Khái niệm cốt lõi
SNRO, a novel framework for video class-incremental learning, slightly shifts the features of new classes during their training stage to greatly improve the performance of old classes, while consuming the same memory as existing methods.
Tóm tắt
The authors propose a novel framework called SNRO for video class-incremental learning. SNRO consists of two key components:
-
Examples Sparse:
- Sparse Extract: SNRO decimates the videos of old classes at a lower sample rate, storing a larger memory set under the same memory consumption.
- Frame Alignment: SNRO uses interpolation to align the sparse frames with the network input, reducing the spatio-temporal information of the video representation.
-
Early Break:
- SNRO terminates the training at a small epoch during the incremental training stage, preventing the model from over-stretching to the newly seen classes.
By slightly dropping the performance of the current task, SNRO greatly improves the performance of previous tasks, effectively alleviating the catastrophic forgetting of old classes.

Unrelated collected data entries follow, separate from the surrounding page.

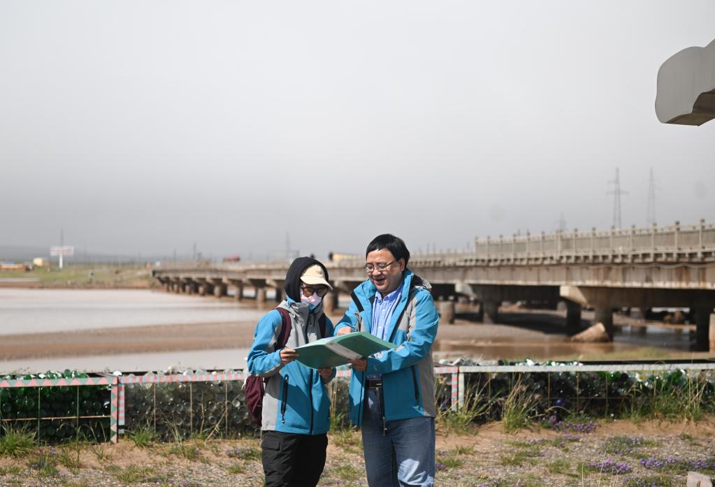 在長江源地區,焦弘睿(左)與導師在查看江源地區的資料。新華社記者 張龍攝
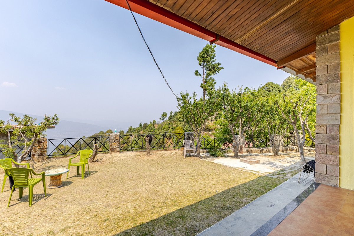 Wake Up in the Clouds – A Private Escape with 180 degree Himalayan Panorama. Pluck an Apple right from the comfort of your Balcony. Tucked away in the beautiful village of Shasbani in the serene hills of Mukteshwar, this private cottage offers an unrivaled front-row seat to the mighty Himalayas. Imagine waking up to seven layers of rolling hills, the sun rising over snow-draped peaks like Nanda Devi and Trishul, and a vast, uninterrupted skyline that stretches as far as the eye can see.
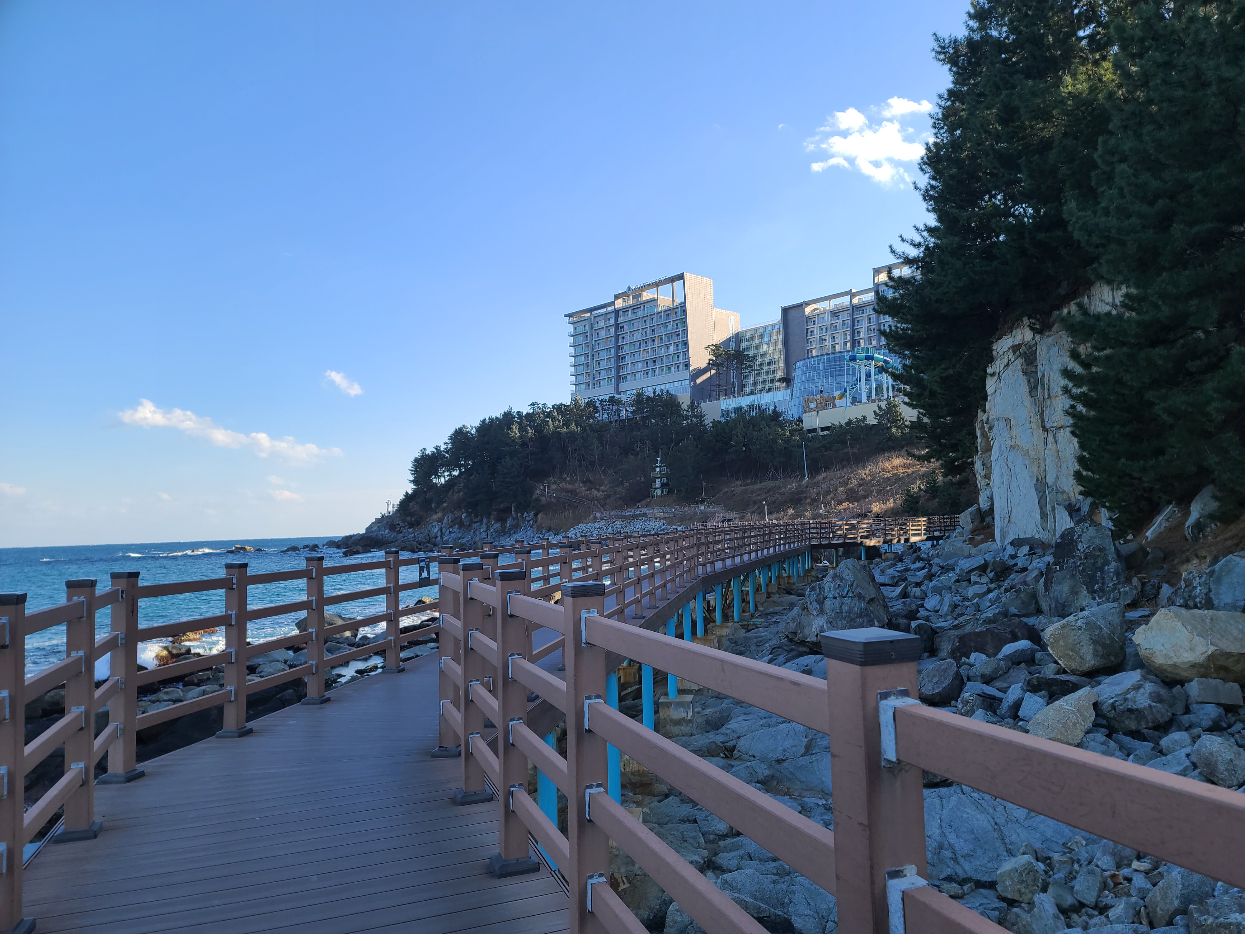바다를 따라서 데크길을 걸으면 편도로 15~20분정도 소요된다.
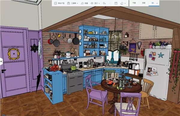 网名为“香菇油菜”的创作者表示,看过《老友记》的美剧迷无一例外都会对莫妮卡家的客厅和厨房印象深刻,“公寓的平面图网上可以找到,但客厅的素材就很少。我一边重温《老友记》,一边画图,同时还要收集很多图片模型,最后总算把莫妮卡的客厅做出来了!”
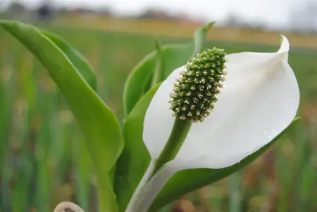 The white, funnel-shaped flowers appear in cobs from April to May.
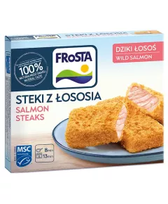 Dane produktowe FRoSTA Steki z łososia 200 g (2 sztuki) Produkt pochodzi z łowiska spełniającego standardy MSC w zakresie dobrze zarządzanego, zrównoważonego rybołówstwa. www.msc.org/pl Składniki: filety z ŁOSOSIA PACYFICZNEGO 59 % (Oncorhynchus gorbuscha), panierka sypka 20 % (mąka...
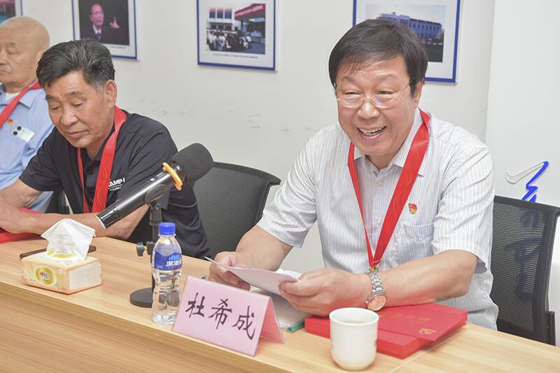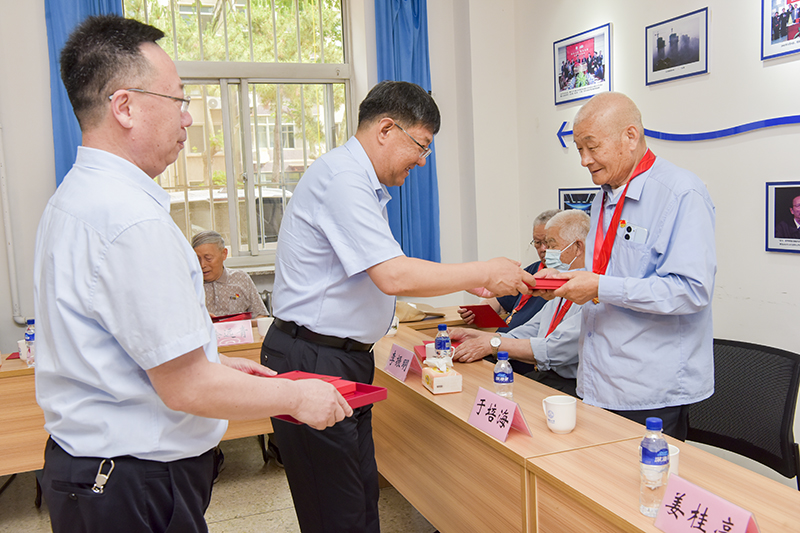 張殿臣為參加本次活動的10位老黨員逐一佩戴“光榮在黨50年”紀念章,王強和王澤光為參會老黨員頒發“政治生日”賀卡,贈送具有紀念意義的“政治生日”禮物。滿滿的“儀式感”,進一步激發了老黨員的榮譽感、歸屬感和責任感,進一步強化了老黨員的身份意識和宗旨意識。
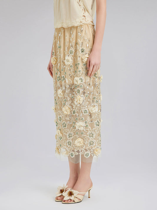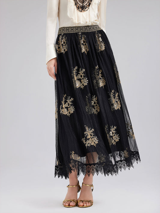 34% İndirimİşlemeli Çiçekli Pullu Şifon Etek
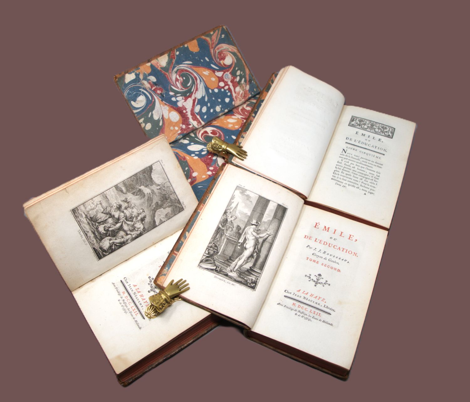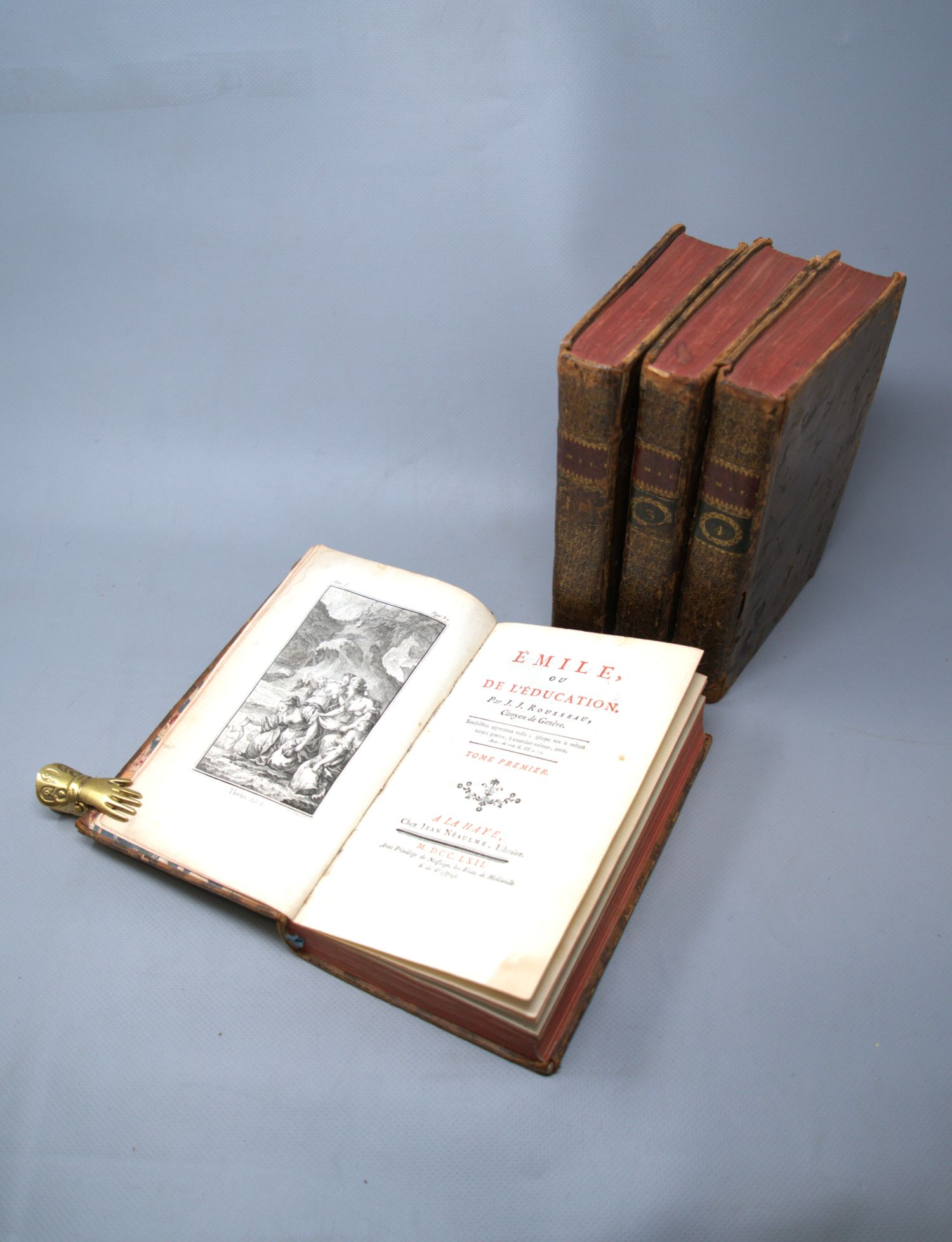 Rousseau, Jean-Jacques. Émile, ou de l'éducation. 4 Bände. Titel in Rot und Schwarz. Mit 5 Kupfertafeln nach Eisen. 19 x 12,5 cm. Marmorierte Kalbslederbände d. Z. (etwas beschabt und berieben) mit ornamentaler RVergoldung, je 2 goldgeprägten RSchildern (Band II fehlt eines) und dreifachen Deckelfileten. "A La Haye, Chez Jean Néaulme" (d. i. Paris, Duchsene), 1762.
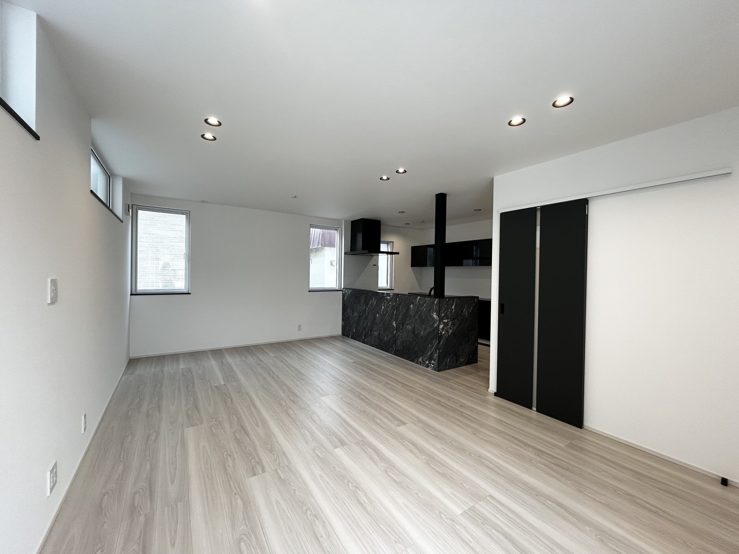 ペニンシュラキッチンを中心に据えたこの空間は、
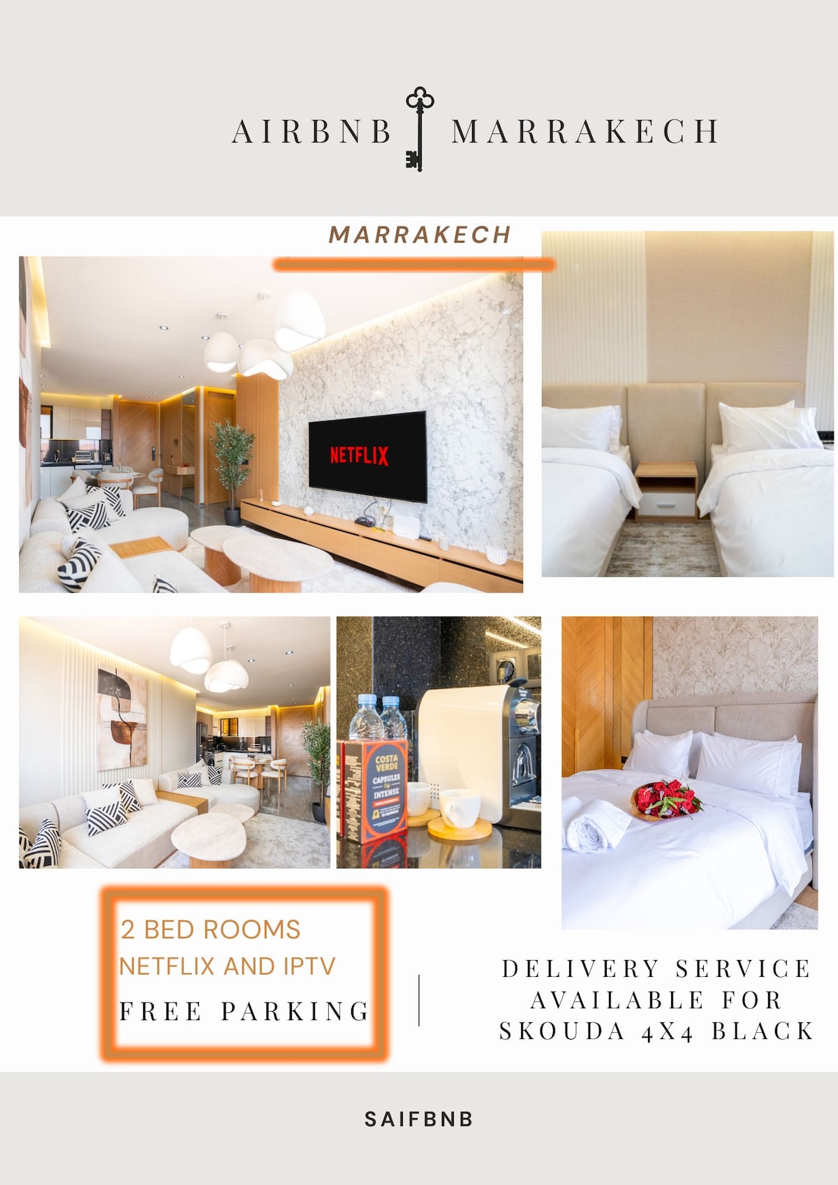 Discover a peaceful haven in Marrakech with this 128m² duplex apartment, featuring a private 60m² terrace, at the prestigious Le Vizir Resort. Accommodates up to 5 adults or 4 adults and 2 children. at the entrance of Marrakech, near the stadium. Calm and secure, with fiber optic WiFi, it's perfect for families and business travelers. Enjoy access to Le Vizir Park with 3 pools, including a women-only pool, kids' play areas, and a restaurant Ps: Marriage certificate required for couples
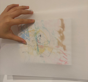 ヤニ止めをしたパネルに先ほど刷った紙を水張りします。今回はその上から色カーボン紙を使用しドローイングを転写。日頃から描き溜めているドローイングから抜選。
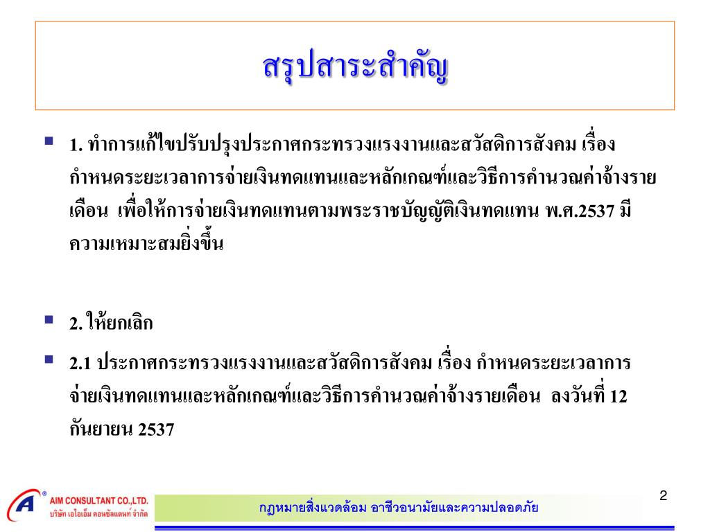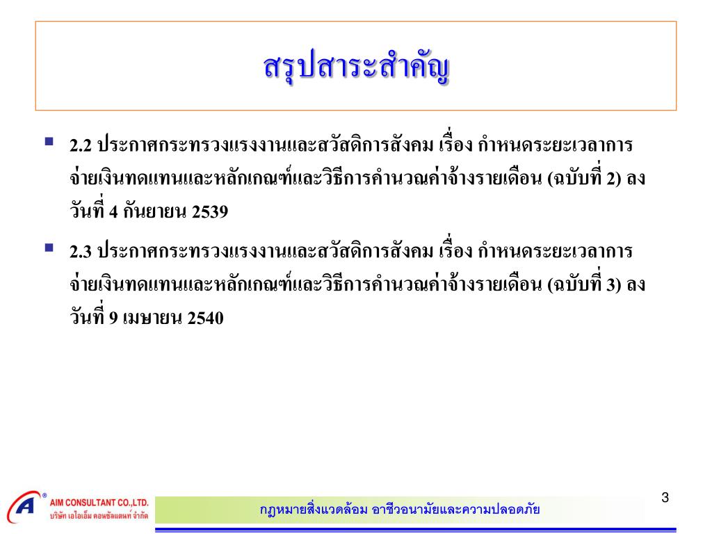 สรุปสาระสำคัญ • 2.2 ประกาศกระทรวงแรงงานและสวัสดิการสังคม เรื่อง กำหนดระยะเวลาการจ่ายเงินทดแทนและหลักเกณฑ์และวิธีการคำนวณค่าจ้างรายเดือน (ฉบับที่ 2) ลงวันที่ 4 กันยายน 2539 • 2.3 ประกาศกระทรวงแรงงานและสวัสดิการสังคม เรื่อง กำหนดระยะเวลาการจ่ายเงินทดแทนและหลักเกณฑ์และวิธีการคำนวณค่าจ้างรายเดือน (ฉบับที่ 3) ลงวันที่ 9 เมษายน 2540
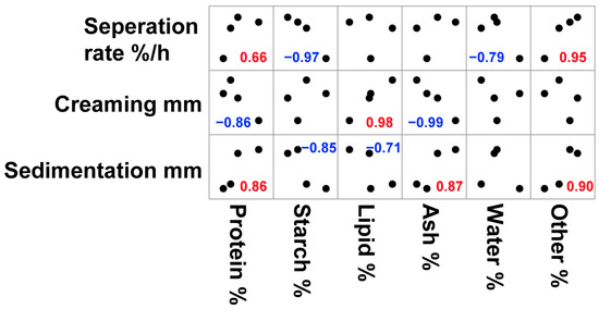 Correlation of nutritional composition of cultivars and physical stability of oat milk. The red number represents the positive correlation of the two parameters. The blue number represents the negative correlation of the two parameters.
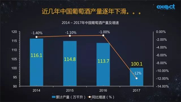 從統(tǒng)計(jì)數(shù)據(jù)看,2014-2017年,中國葡萄酒產(chǎn)量呈逐年下滑態(tài)勢。2017年中國葡萄酒產(chǎn)量為100.1萬千升,同比下滑12%。據(jù)業(yè)內(nèi)人士認(rèn)為,中國葡萄酒正處于調(diào)整優(yōu)化期,劣質(zhì)產(chǎn)能下滑,優(yōu)質(zhì)產(chǎn)能上升。一方面,進(jìn)口品牌對中國葡萄酒產(chǎn)業(yè)造成巨大沖擊;另一方面,低端低價競爭把國產(chǎn)葡萄酒逼入死胡同。

Experiments on UCF101, HMDB51, and UESTC-MMEA-CL datasets demonstrate the effectiveness of SNRO compared to state-of-the-art methods.
Thống kê
Recent video class-incremental learning usually excessively pursues the accuracy of the newly seen classes and relies on memory sets to mitigate catastrophic forgetting of the old classes.
Limited storage only allows storing a few representative videos.
Trích dẫn
"SNRO significantly alleviates the catastrophic forgetting of old classes at the cost of slightly drop the performance of the current new classes, thereby improving the overall recognition accuracy."
"Examples Sparse ensures we build larger memory sets consuming the same space as TCD. And using F/2 frames to represent a video contains less spatio-temporal information than using F frames, it effectively prevents the network from over-stretching to high-semantic spaces, which allows preserving more low semantic features in future incremental tasks."
"Early Break effectively prevents the tendency of over-fit to new classes, achieving a 0.73% CNN improvement with the same memory set construction method."